Sunday, August 14, 2022

Seafloor Spreading for Dummies, the Rewrite - The Freelance Files MMCCXXXVI

Convection and seafloor spreading
Convection and seafloor spreading
While we applaud the fact that someone at Leaf Group has A) realized that a large fraction of the company's content is bogus and B) enlisted "experts" to review new and rewritten content, we truly wish that some of their rewrites corrected the content instead of merely rehashing and expanding on the dumbassery that was already there. Unfortunately, that's not always true. A case in point is the work of rewrite "expert" Marina Somma and her reviewer, Sylvie Tremblay, M. Sc. Take, for example, the Sciencing.com post "What Is the Primary Force That Causes the Seafloor to Spread?"

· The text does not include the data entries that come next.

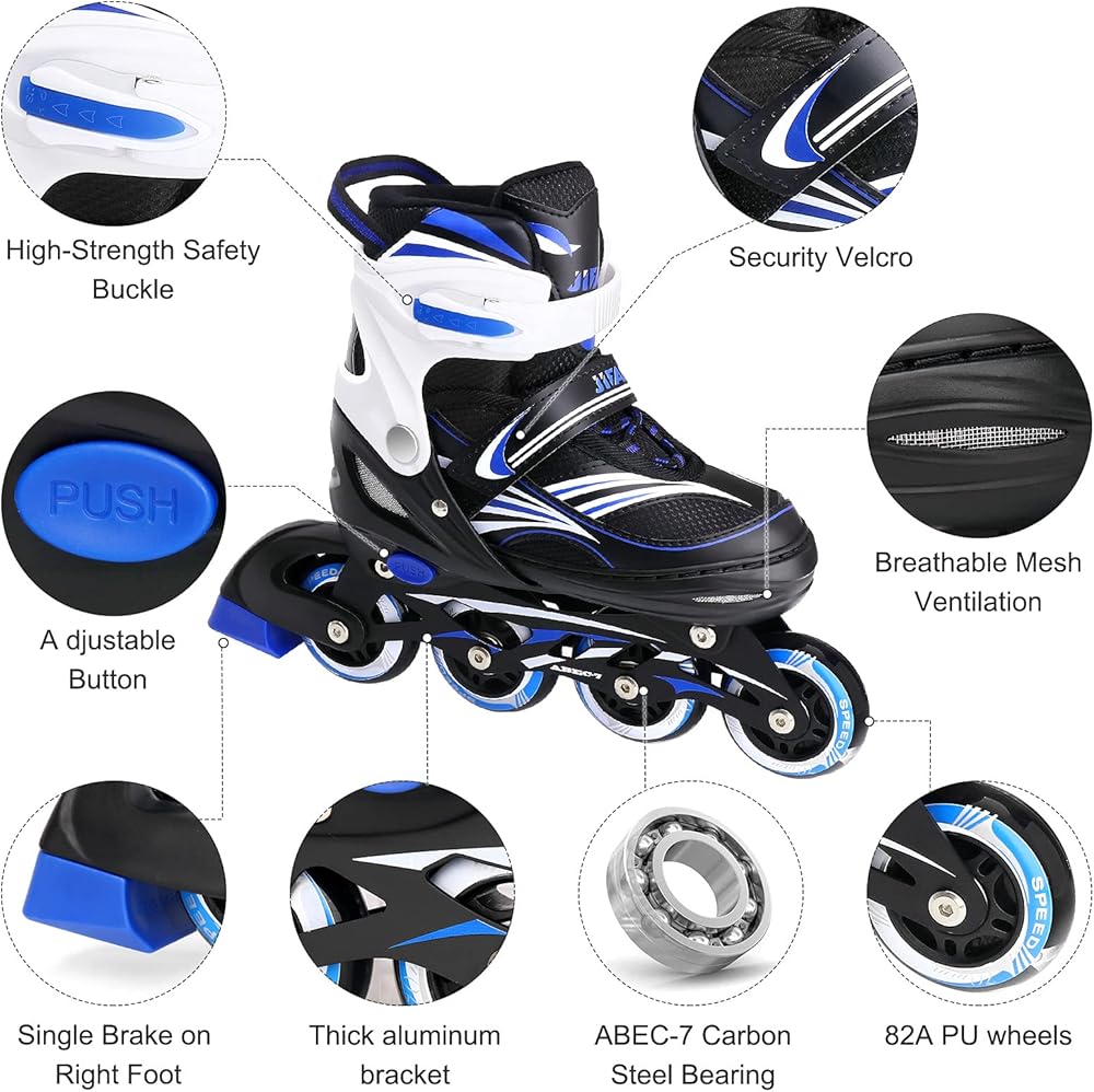 💗1. 【Adjust size】:Our inline skates have 2 different Unisex size(Small -12J-2 US and Medium -2-5 US) please make sure to choose the correct size via checking enclosed size chart pictures . And do not forget to adjust the length of boot by the push button before wearing, you will find that it's so convenient to operate, and kids and youth can use it for many years even though their feet are growing up.
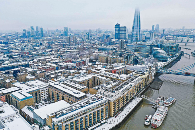 ▲伦敦迎来寒流,泰晤士河南岸的建筑物被白雪覆盖。
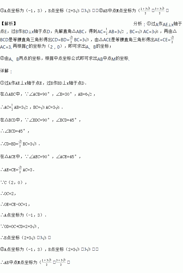 如图,已知ΔABC在坐标平面内的顶点C(2,0),∠ACB=90°,∠B=30°,AB=6,∠BCD=45°。①求A、B的坐标;②求AB中点M的坐标.
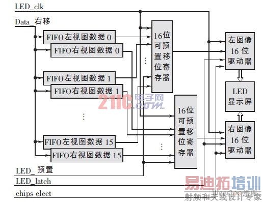 因为FIFO 中的数据格式是左、右视图列交叉显示,因此LED 控制驱动器的设计是以列驱动的。LED 时序发生器的设计如图3 所示,将立体图像对中左、右眼图像帧每个像素的数据用乒乓开关控制存储在FIFO 缓存之中,以16 个列像素点的驱动为例,FIFO 缓存之中的左、右视频数据分别各连接一个16 位可预置移位寄存器,通过16 个时钟脉冲的移位产生16 个像数的驱动数据,由片选信号选择显示行数,由D/T 转换函数f(i)作为LED_latch信号锁存,FIFO 缓存的数据经过8 次移位即可完成1 个像素的真彩驱动。
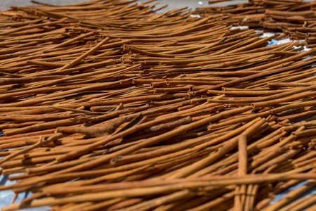 Fresh Cinnamon sticks out in the street drying in the midday sun. Low angle depth of field shot.
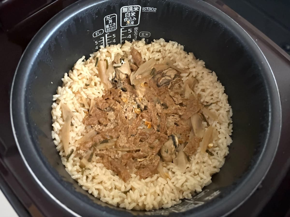 炊き上がったごはんを口に運ぶと、牡蠣特有の磯の風味が鼻を抜け、海鮮好きにはたまらない味わい。
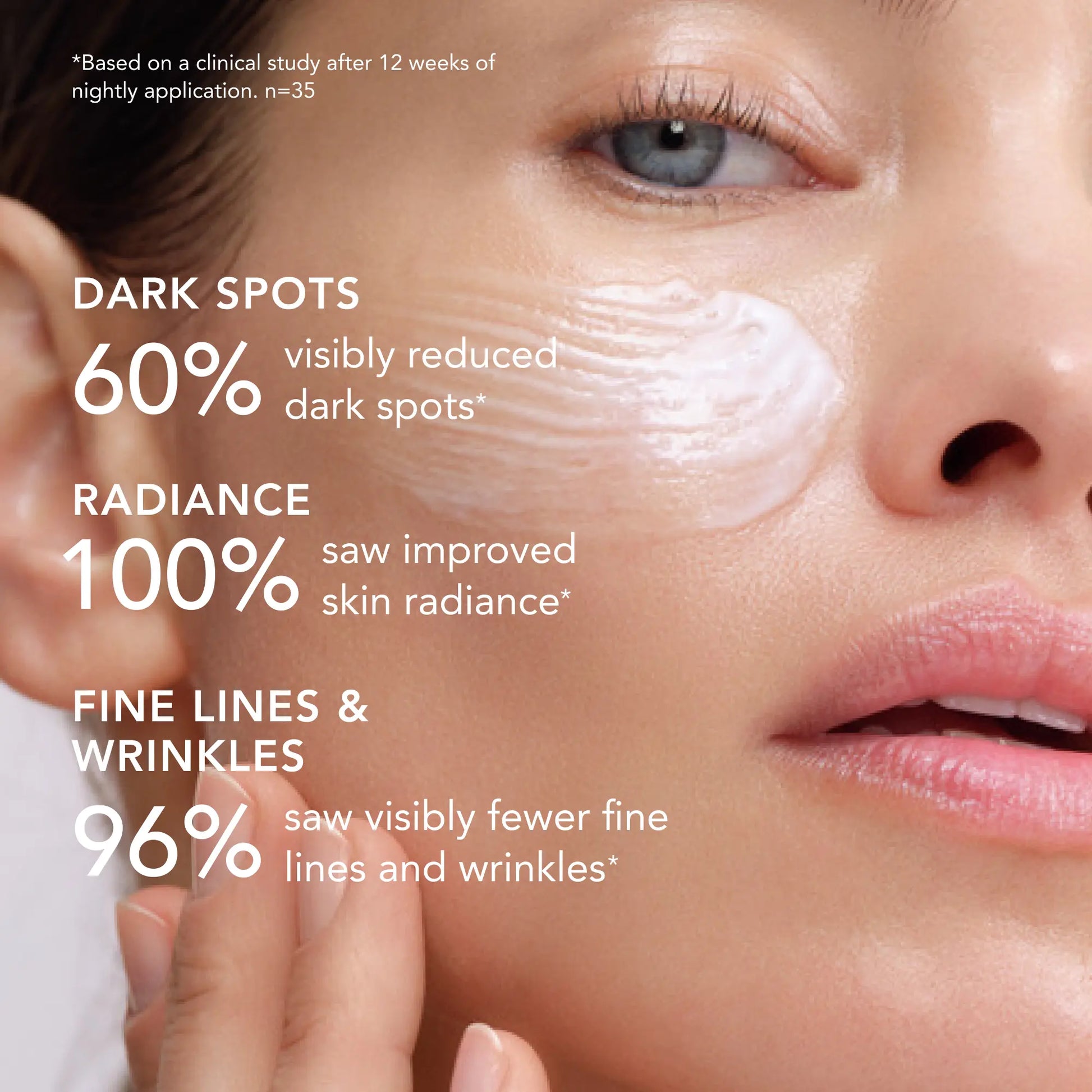 A powerful night mask, clinically proven to reduce the appearance of dark spots by 60%* and revitalize skin radiance overnight**, when it naturally re-sets.
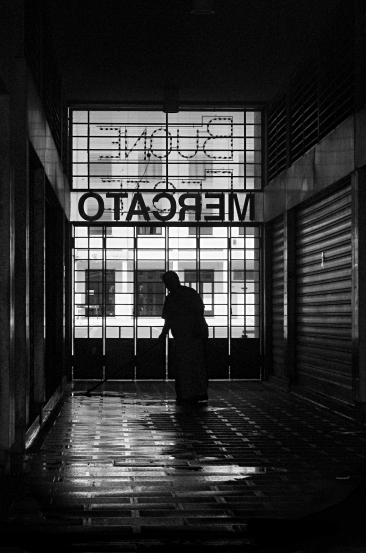 @ d'Annunzi0: pulizie pomeridiane dopo il giorno di mercato. La scritta secondo me può starci, in contrapposizione al lavoro nel buio!

Somma's assignment was to rewrite a 2013 post by Scott Thompson, which had failed miserably in its attempt to answer the question. According to Thompson, seafloor spreading is caused by rising magma that splits the seafloor in two. We humbly submit that rising magma is an effect of seafloor spreading, not a cause. Unfortunately, Somma seemed equally incompetent to answer the question – in fact, she didn't answer it – something we knew almost immediately when we read this rubbish:
"Tectonic plates are massive slabs of the lithosphere that 'float' along the molten mantle of the Earth."
The presence of the word "molten" is a dead giveaway that Somma (not to mention Tremblay) is well outside her comfort area with this topic. The mantle is not molten in any sense humans can detect; it is an extremely viscous fluid over geologic time. Think frozen peanut butter, and perhaps you'll understand "extremely viscous fluid." So let's look at a few of the other interesting things Marina had to say...
  • "The seafloor shifts and changes, particularly in certain regions where separate tectonic plates meet." – Other than where "separate tectonic plates meet" – a clumsily redundant construction – the seafloor is pretty much inert.
  • "Oceanic boundaries that move away from one another result in seafloor spreading." – Well, actually those are tectonic plate boundaries, and are not necessarily within oceans. Think East Africa Rift, which will someday millions of years hence be the center of a new ocean.
  • "Two sections of the seafloor spread away from one another. This occurs through the movement and shifting of the tectonic plates under the ocean. " – Somma was getting close: now is where she should explain the cause of that "movement and shifting"; ostensibly the reason she wrote this dreck.
  • "When two tectonic plates move away from one another, they leave a gap for the molten rock in the mantle to rise to the surface. " – It's even more complicated: the release of pressure by thinning of the crust causes melting of the mantle, which rises due to buoyancy.
Marina went on from this point to discuss rates of spreading (not germane to the question) and the two other types of plate boundaries (also not germane). So, did she ever answer the original question?

Well, no. In fact, Thompson (in his now-deleted version of the "information") tangentially mentioned the force most scientists believe to cause all plate tectonics:
"Convection forms into currents that drive the tectonic plates either together or apart."
That's pretty much it: eight or so convection cells rotating within the mantle cause the overlying plates of lithosphere to move. Where two adjacent cells rotate in divergent directions, the overlying plates move apart. That causes rifting of the crust, with ensuing injection of melted mantle material into the gap. Since that material is denser than continental crust, the newly-created oceanic crust sinks as it cools, creating a basin. Over millions of years, voila: an ocean basin, with a spreading center in the middle.

It's too bad our Dumbass of the Day didn't say something like that instead of wasting more than 200 words to discuss rates of spreading and the relief of the ridges created. But what can you expect of a marine biologist trying to explain whole-earth geophysics?